__TASK OBJECTIVE__: Retype exactly what appears below from the line containing "Comencé a comprar" down to the line containing "Real wood .", keeping both end lines. Do not include pictures.

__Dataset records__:
+ + + + + + +
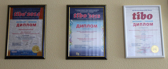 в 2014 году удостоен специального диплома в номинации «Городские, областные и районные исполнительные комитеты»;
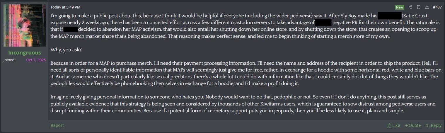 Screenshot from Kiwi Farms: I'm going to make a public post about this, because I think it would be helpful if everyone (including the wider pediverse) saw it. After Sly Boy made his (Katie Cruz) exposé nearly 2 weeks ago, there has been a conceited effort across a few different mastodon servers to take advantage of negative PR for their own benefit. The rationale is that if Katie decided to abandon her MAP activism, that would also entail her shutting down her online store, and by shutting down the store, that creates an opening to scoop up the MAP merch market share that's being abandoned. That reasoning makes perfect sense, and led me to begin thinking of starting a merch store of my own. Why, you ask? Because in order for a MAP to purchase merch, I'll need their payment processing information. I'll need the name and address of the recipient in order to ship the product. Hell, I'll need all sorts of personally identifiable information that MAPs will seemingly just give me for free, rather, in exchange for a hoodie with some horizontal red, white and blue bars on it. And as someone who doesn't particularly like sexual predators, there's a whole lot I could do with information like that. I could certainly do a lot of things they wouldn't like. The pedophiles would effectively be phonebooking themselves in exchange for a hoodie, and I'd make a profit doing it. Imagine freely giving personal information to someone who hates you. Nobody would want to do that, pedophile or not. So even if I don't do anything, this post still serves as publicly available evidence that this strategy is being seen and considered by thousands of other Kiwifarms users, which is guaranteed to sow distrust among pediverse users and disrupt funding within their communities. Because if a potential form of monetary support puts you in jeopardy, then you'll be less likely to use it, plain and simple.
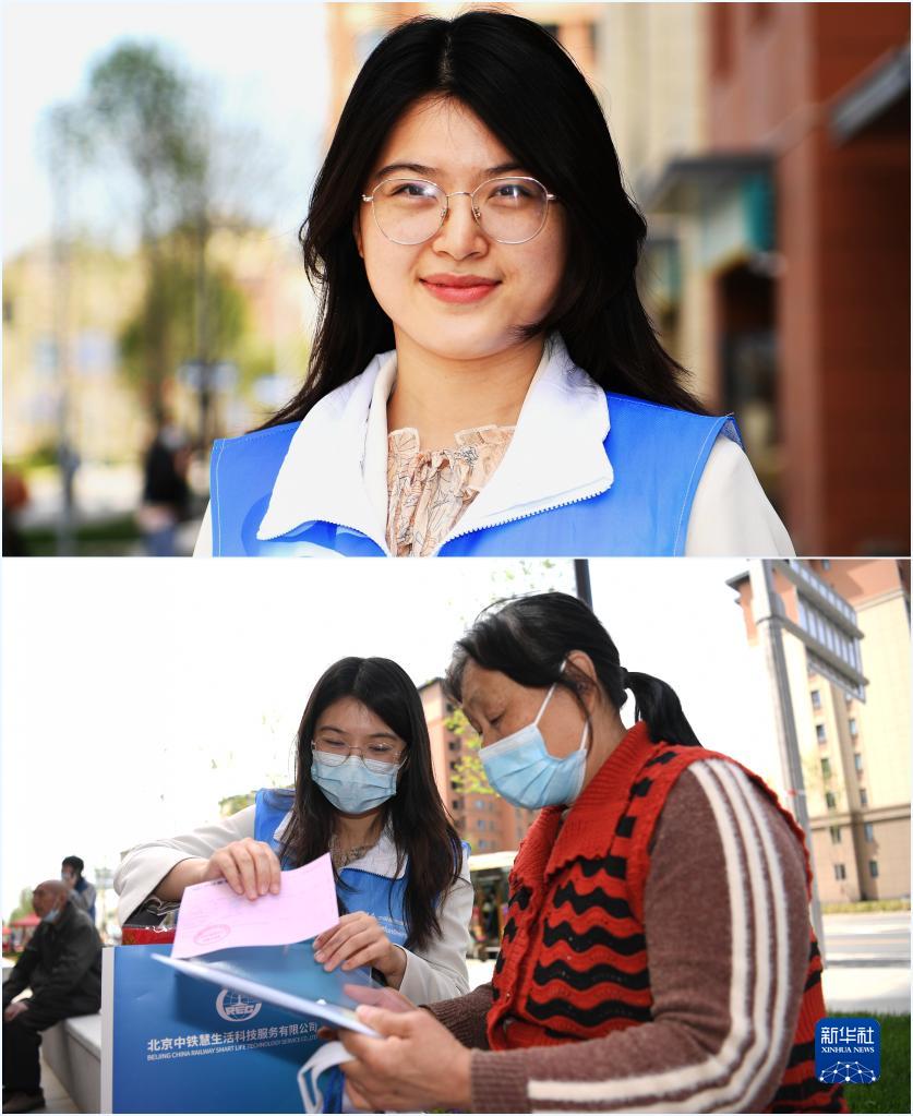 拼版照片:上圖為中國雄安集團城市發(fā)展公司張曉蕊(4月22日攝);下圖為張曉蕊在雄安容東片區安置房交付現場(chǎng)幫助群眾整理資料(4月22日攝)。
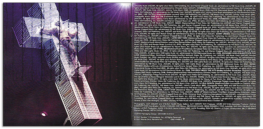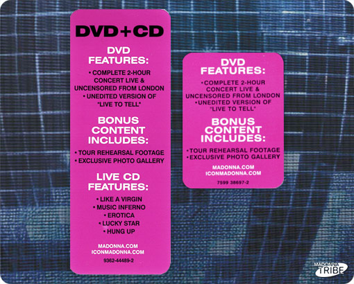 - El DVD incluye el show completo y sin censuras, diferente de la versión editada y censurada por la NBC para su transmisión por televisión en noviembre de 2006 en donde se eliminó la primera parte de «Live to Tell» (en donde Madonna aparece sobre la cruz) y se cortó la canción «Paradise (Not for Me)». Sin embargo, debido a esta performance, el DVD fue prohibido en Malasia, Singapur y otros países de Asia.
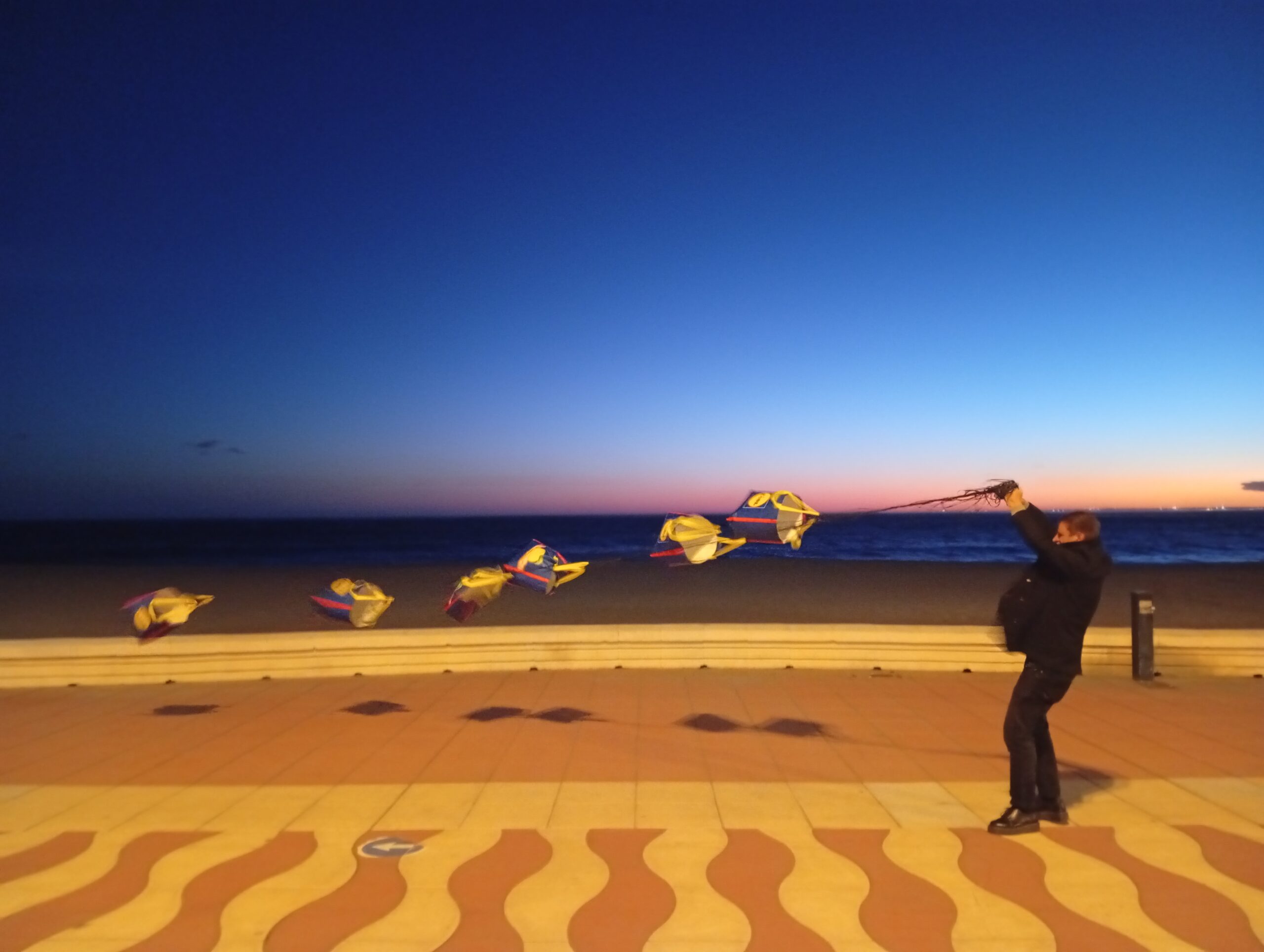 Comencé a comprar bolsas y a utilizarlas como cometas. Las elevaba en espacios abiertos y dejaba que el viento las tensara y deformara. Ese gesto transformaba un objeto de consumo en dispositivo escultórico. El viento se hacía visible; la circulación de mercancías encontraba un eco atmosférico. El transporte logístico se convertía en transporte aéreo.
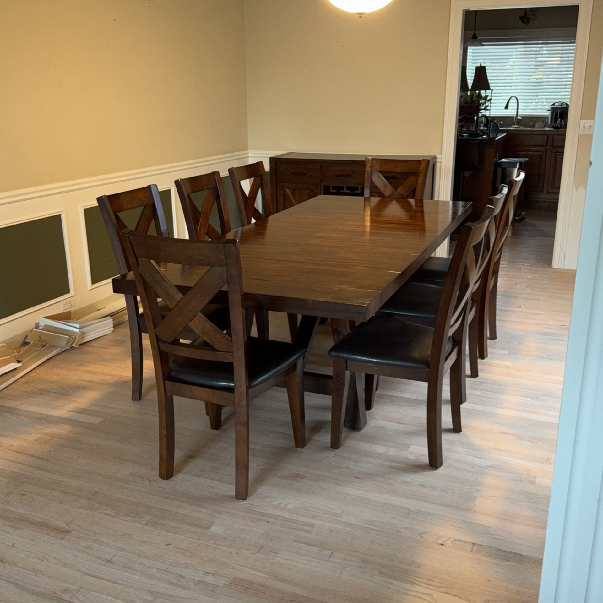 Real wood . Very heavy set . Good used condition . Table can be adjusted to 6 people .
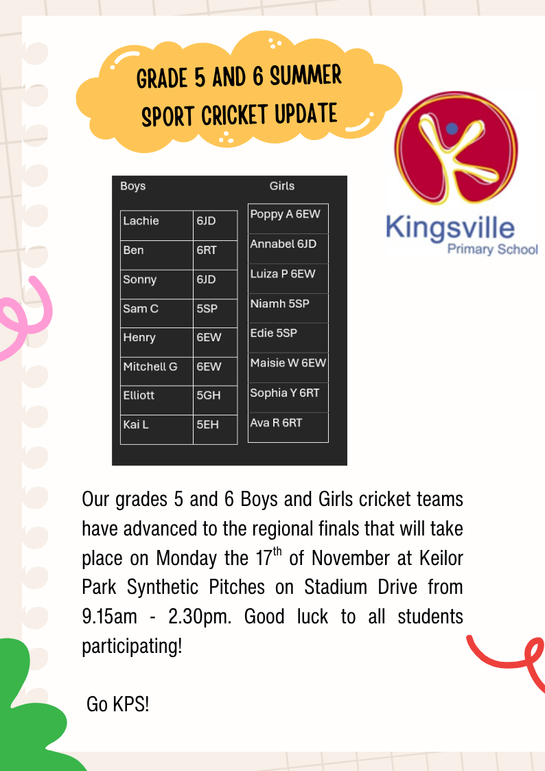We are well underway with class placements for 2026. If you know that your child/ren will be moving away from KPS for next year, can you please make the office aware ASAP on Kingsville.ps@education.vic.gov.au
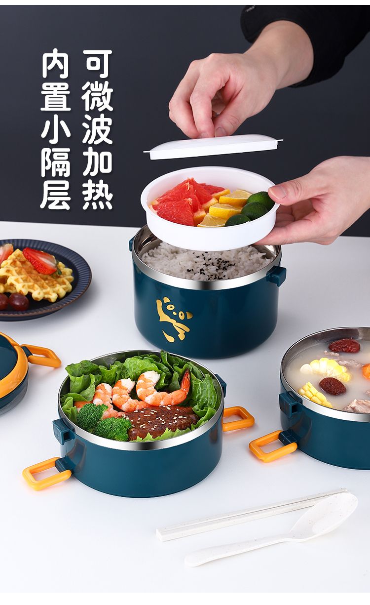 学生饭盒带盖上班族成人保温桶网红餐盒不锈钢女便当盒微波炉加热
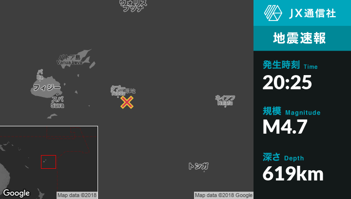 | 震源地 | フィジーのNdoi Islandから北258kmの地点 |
+ + + + + + +
__OUTPUT OF THE EXERCISE__:
 Comencé a comprar bolsas y a utilizarlas como cometas. Las elevaba en espacios abiertos y dejaba que el viento las tensara y deformara. Ese gesto transformaba un objeto de consumo en dispositivo escultórico. El viento se hacía visible; la circulación de mercancías encontraba un eco atmosférico. El transporte logístico se convertía en transporte aéreo.
 Real wood . Very heavy set . Good used condition . Table can be adjusted to 6 people .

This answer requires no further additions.